Production of magnets from the material of Fe - Cr - Co system by selective laser sintering

The article presents results of the study of possibilities of selective laser melting (SLM), or so-called additive technologies, for production of permanent magnets. This process makes it possible to produce not only product models and prototypes, but also finished functional products using layer-by-layer addition of material and binding of particles and layers to each other. An alloy based on Fe - Cr - Co system has been chosen as the material for evaluation of the compared technologies for permanent magnets production. The application fields of selective laser melting (SLM/SLP) were considered. The powders obtained by different methods are taken for the research. Classical technology of magnetic alloy casting also was analyzed. The studies of magnetic materials and comparisons of the properties of powder magnets with standard data were carried out. On the basis of 25Kh15KA alloy powder sprayed by gas atomization, permanent magnets with a material density of 7.59 - 7.55 g/cm³ can be manufactured at the SLP plant.
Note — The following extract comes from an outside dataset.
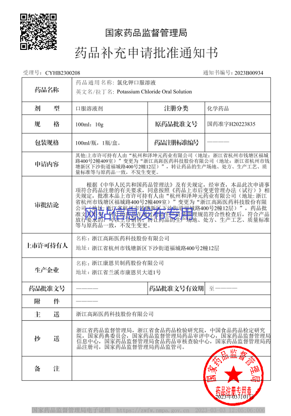 公司與浙江和澤醫(yī)藥科技股份有限公司達(dá)成轉(zhuǎn)讓協(xié)議的氯化鉀口服溶液(國藥準(zhǔn)字H20223835)于2023年03月01日取得補(bǔ)充申請批件。完成批文的轉(zhuǎn)讓。這是MAH公司生產(chǎn)藥品的第二個藥品批件。

They meet the requirements recommended by the state standard GOST 24897 - 81, and achieve characteristics of magnets made by classical metallurgical technologies. To study the magnetic and physical properties, four samples were produced with the same geometry in the shape of a cube. During production of each of the test samples, different operating modes of the plant were selected. Samples were made on the basis of the “Kurchatov Institute” NRS enterprise (the “Prometheus” Central Research Institute of Construction Materials) as part of the NIO-35 technological complex. It was established that characteristics of the powders obtained by gas atomization qualitatively exceed characteristics of the powders obtained by other methods, and the produced magnets meet all the requirements for magnets.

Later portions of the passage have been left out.